* **Entries provided**
----------
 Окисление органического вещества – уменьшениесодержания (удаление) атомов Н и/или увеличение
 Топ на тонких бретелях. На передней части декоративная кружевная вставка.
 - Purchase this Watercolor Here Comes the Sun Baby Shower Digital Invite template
----------
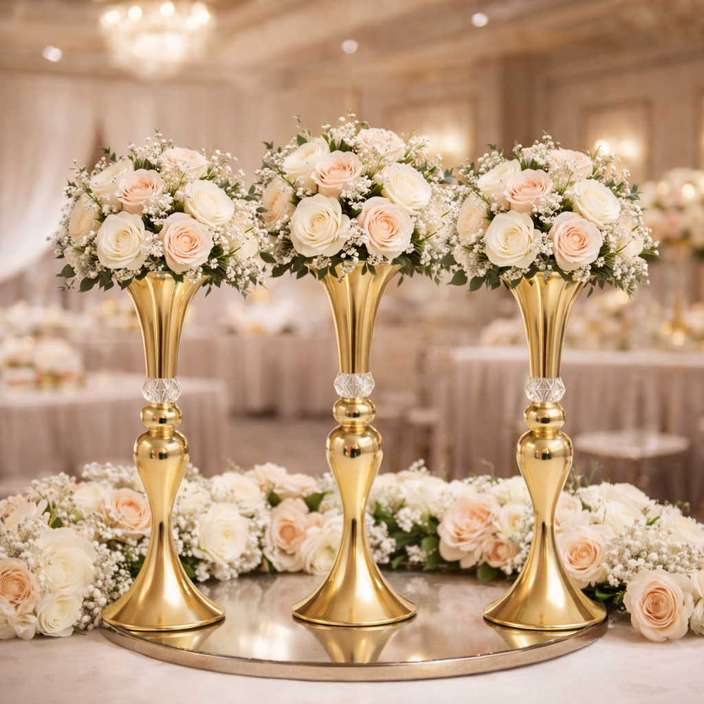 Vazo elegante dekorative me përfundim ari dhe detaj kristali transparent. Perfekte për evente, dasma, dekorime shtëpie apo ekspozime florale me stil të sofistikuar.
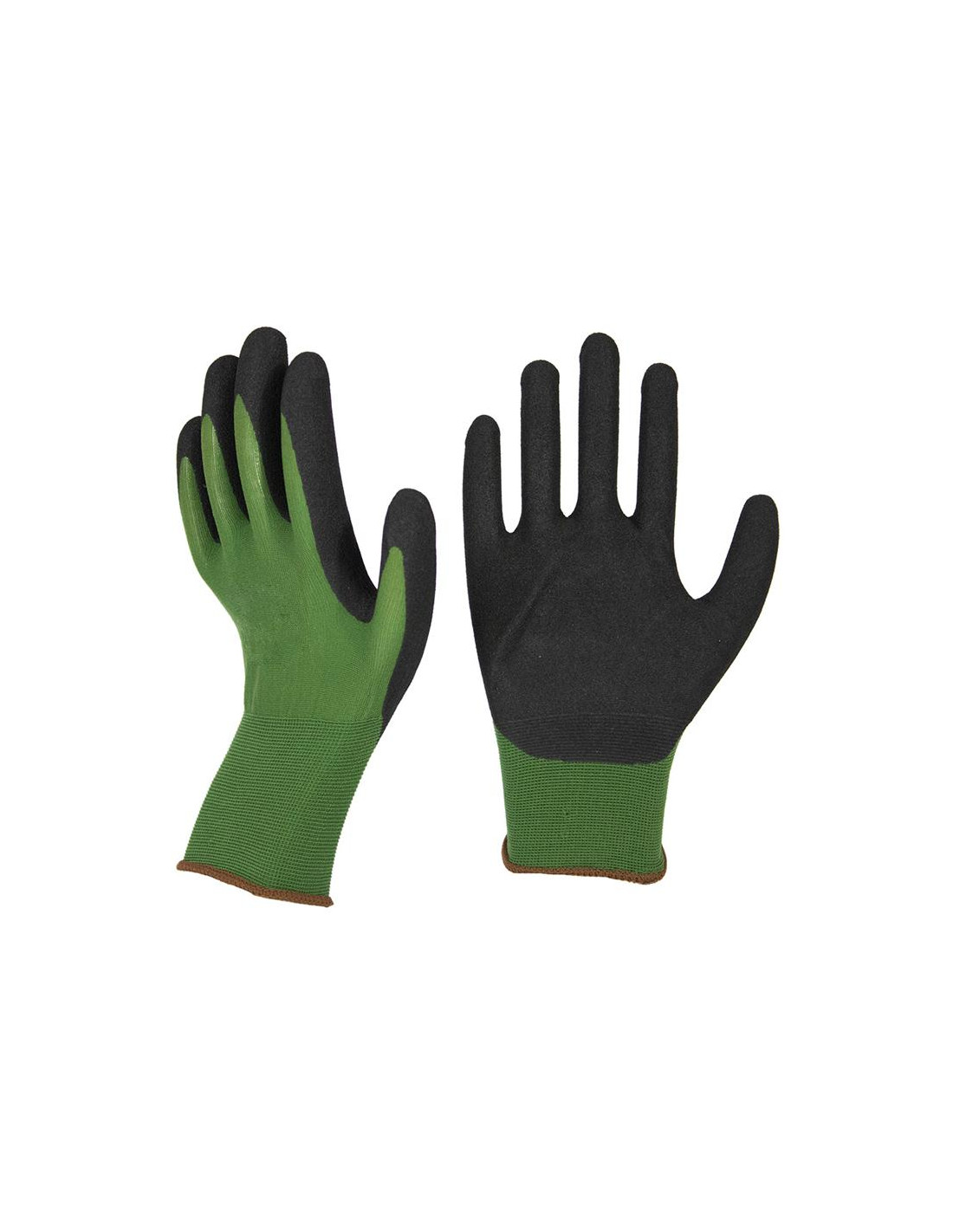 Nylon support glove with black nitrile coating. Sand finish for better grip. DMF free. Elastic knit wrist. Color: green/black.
----------
* **What you need to do**
Transcribe each line of the data above, unaltered, from the one where "Окисление органического вещества" appears to the one where "- Purchase this" appears, inclusive of both.

* **Response area**
 Окисление органического вещества – уменьшениесодержания (удаление) атомов Н и/или увеличение
 Топ на тонких бретелях. На передней части декоративная кружевная вставка.
 - Purchase this Watercolor Here Comes the Sun Baby Shower Digital Invite template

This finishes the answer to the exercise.